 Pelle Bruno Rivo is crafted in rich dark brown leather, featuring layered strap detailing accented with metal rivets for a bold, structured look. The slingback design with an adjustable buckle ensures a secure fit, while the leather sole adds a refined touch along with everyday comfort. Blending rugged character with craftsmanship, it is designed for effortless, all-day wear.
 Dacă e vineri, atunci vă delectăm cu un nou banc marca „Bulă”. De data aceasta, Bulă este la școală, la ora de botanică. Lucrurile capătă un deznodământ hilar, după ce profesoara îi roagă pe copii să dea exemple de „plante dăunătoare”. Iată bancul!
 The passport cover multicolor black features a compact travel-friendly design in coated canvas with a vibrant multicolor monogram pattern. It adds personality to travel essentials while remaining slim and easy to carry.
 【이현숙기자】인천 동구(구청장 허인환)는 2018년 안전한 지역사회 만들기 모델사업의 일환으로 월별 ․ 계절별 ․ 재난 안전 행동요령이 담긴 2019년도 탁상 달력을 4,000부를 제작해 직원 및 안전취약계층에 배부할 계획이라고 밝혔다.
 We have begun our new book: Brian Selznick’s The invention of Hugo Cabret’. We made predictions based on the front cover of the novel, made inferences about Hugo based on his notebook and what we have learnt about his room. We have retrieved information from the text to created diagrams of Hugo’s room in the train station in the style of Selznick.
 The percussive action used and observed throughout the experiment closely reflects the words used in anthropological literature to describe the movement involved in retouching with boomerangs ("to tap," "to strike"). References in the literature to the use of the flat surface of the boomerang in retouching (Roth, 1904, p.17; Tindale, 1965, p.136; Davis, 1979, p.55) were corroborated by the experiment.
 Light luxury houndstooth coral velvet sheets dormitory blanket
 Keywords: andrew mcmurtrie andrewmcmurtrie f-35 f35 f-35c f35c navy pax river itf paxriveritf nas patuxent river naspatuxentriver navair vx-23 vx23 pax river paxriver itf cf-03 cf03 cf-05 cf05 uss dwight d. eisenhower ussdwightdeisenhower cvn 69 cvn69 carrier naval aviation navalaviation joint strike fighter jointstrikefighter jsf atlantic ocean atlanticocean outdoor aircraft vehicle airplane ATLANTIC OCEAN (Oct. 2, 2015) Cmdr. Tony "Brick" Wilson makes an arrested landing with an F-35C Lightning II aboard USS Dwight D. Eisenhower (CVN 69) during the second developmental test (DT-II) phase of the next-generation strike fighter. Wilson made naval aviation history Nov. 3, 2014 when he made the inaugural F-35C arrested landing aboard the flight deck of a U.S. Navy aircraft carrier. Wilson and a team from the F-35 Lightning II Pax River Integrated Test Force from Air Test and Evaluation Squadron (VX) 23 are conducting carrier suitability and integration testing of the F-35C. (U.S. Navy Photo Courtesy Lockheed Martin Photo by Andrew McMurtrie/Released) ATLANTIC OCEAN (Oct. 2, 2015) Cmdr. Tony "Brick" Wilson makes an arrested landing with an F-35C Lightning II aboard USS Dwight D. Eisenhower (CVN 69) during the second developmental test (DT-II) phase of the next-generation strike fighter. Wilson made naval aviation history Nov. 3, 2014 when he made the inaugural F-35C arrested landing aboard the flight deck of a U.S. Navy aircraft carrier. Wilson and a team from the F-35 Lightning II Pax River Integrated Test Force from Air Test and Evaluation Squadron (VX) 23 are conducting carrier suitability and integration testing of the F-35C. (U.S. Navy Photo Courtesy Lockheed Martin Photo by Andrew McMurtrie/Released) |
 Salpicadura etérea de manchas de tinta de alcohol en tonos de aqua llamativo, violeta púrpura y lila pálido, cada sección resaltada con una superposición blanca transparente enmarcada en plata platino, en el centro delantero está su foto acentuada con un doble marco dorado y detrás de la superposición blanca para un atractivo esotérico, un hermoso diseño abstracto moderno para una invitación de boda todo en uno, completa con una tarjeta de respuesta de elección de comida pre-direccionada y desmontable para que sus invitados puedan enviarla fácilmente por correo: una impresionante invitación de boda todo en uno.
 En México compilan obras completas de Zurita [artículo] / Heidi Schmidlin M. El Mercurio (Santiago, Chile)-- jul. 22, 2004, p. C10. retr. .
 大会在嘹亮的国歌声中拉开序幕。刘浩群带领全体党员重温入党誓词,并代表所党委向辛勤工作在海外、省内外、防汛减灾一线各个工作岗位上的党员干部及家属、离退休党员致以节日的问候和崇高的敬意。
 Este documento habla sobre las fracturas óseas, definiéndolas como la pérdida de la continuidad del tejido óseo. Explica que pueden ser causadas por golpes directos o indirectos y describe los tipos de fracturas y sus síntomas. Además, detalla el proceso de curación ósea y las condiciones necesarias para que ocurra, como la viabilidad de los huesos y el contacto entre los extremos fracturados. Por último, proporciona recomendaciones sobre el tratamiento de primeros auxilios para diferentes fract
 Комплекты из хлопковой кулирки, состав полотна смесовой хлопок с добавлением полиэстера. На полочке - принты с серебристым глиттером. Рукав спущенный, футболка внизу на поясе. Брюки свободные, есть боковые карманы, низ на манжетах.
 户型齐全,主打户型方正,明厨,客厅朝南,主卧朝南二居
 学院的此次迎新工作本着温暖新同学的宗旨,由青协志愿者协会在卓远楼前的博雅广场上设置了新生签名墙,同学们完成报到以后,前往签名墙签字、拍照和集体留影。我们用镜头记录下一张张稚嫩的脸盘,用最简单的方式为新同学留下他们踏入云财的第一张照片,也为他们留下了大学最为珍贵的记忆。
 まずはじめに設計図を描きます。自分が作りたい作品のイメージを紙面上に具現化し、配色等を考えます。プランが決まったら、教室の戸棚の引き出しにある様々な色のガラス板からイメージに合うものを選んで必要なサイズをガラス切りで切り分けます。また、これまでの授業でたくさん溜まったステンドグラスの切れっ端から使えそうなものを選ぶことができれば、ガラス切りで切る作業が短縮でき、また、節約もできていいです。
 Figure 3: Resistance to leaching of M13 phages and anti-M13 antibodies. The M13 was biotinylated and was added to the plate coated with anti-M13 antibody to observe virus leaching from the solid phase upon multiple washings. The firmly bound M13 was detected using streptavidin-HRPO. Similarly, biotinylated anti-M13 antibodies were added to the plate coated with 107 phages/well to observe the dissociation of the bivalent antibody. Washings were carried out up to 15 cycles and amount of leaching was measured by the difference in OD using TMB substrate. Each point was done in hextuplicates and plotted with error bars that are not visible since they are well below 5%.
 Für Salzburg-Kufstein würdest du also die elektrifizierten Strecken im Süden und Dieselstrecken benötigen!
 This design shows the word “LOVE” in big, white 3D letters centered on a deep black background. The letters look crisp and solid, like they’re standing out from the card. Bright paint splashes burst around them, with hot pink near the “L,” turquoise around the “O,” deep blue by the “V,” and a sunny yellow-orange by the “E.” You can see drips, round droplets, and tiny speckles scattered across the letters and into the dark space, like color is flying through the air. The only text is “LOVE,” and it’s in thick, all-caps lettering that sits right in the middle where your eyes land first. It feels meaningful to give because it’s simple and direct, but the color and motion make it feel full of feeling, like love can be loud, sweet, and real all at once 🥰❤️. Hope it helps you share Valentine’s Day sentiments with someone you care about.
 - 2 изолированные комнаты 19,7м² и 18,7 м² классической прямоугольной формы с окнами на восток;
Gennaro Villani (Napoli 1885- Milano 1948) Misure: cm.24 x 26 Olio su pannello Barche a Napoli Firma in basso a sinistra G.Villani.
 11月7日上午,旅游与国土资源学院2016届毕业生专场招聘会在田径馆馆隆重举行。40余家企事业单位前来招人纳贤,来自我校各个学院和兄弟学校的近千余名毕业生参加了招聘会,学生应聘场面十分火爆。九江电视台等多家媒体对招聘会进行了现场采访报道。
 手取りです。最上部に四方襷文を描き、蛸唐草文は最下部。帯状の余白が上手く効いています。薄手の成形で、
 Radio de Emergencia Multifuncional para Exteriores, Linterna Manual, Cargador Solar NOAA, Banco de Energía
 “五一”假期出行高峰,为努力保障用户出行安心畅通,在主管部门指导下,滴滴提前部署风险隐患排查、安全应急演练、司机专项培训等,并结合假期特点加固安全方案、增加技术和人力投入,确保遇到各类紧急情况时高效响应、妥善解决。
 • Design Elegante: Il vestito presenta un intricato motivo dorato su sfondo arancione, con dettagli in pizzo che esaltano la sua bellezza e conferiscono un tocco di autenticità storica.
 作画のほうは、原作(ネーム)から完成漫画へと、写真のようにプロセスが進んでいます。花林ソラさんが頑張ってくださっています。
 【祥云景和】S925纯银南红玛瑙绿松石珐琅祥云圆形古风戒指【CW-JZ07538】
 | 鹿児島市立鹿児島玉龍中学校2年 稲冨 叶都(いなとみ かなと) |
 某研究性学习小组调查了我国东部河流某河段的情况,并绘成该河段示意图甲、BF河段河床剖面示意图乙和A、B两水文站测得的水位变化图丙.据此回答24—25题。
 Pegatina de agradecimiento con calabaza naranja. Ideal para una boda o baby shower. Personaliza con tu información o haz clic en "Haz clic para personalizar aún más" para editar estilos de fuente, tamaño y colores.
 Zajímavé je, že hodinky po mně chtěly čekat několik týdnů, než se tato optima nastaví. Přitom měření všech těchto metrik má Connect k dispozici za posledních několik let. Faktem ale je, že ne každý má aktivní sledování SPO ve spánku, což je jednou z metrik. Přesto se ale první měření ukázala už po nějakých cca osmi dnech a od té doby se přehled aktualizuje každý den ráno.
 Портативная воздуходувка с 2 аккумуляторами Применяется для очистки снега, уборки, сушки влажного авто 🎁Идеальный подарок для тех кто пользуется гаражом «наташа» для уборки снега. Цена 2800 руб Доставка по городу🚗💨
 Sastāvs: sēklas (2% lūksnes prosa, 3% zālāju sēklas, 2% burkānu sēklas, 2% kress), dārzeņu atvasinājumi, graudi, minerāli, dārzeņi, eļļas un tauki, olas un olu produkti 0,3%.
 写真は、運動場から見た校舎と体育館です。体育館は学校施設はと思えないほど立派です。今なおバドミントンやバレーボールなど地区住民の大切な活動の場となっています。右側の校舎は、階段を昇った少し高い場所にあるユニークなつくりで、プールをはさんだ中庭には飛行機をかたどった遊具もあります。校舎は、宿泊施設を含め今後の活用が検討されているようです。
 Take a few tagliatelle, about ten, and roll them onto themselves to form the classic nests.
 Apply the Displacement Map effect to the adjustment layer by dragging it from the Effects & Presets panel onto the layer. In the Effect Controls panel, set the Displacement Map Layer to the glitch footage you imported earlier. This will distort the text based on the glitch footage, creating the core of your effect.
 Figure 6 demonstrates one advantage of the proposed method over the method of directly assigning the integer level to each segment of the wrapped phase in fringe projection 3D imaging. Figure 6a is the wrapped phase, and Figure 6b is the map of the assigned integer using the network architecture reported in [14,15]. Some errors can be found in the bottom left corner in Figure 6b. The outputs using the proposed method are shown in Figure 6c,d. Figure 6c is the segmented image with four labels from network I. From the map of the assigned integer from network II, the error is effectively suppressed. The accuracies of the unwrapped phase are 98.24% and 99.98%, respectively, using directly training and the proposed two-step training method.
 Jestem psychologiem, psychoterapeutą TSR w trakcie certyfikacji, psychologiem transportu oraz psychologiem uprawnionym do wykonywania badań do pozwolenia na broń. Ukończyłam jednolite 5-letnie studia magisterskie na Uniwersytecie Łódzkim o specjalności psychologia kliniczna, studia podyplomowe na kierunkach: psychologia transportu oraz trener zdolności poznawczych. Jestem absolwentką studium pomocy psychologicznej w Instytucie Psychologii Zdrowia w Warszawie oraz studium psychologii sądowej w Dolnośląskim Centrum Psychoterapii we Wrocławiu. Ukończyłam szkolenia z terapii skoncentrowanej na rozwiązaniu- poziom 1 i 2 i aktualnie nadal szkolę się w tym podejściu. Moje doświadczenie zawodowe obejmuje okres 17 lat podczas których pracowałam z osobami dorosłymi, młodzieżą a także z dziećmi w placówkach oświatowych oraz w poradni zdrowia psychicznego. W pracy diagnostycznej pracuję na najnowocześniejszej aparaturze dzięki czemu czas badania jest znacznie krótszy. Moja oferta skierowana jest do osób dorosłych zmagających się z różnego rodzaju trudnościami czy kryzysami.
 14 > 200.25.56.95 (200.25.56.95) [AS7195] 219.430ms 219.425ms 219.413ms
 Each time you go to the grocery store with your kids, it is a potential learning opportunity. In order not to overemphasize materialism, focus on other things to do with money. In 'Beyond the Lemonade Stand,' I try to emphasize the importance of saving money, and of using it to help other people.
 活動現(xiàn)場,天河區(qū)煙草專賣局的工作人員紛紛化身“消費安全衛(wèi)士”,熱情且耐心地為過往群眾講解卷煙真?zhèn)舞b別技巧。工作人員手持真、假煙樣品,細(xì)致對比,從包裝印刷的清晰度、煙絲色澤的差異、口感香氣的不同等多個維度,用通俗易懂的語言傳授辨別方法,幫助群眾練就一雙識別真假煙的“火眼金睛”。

--------------------

**Activity:**
Give back exactly the lines from the beginning of the records through the line containing "Dacă e vineri, atunci", and only those.

**Result for this exercise:**
 Pelle Bruno Rivo is crafted in rich dark brown leather, featuring layered strap detailing accented with metal rivets for a bold, structured look. The slingback design with an adjustable buckle ensures a secure fit, while the leather sole adds a refined touch along with everyday comfort. Blending rugged character with craftsmanship, it is designed for effortless, all-day wear.
 Dacă e vineri, atunci vă delectăm cu un nou banc marca „Bulă”. De data aceasta, Bulă este la școală, la ora de botanică. Lucrurile capătă un deznodământ hilar, după ce profesoara îi roagă pe copii să dea exemple de „plante dăunătoare”. Iată bancul!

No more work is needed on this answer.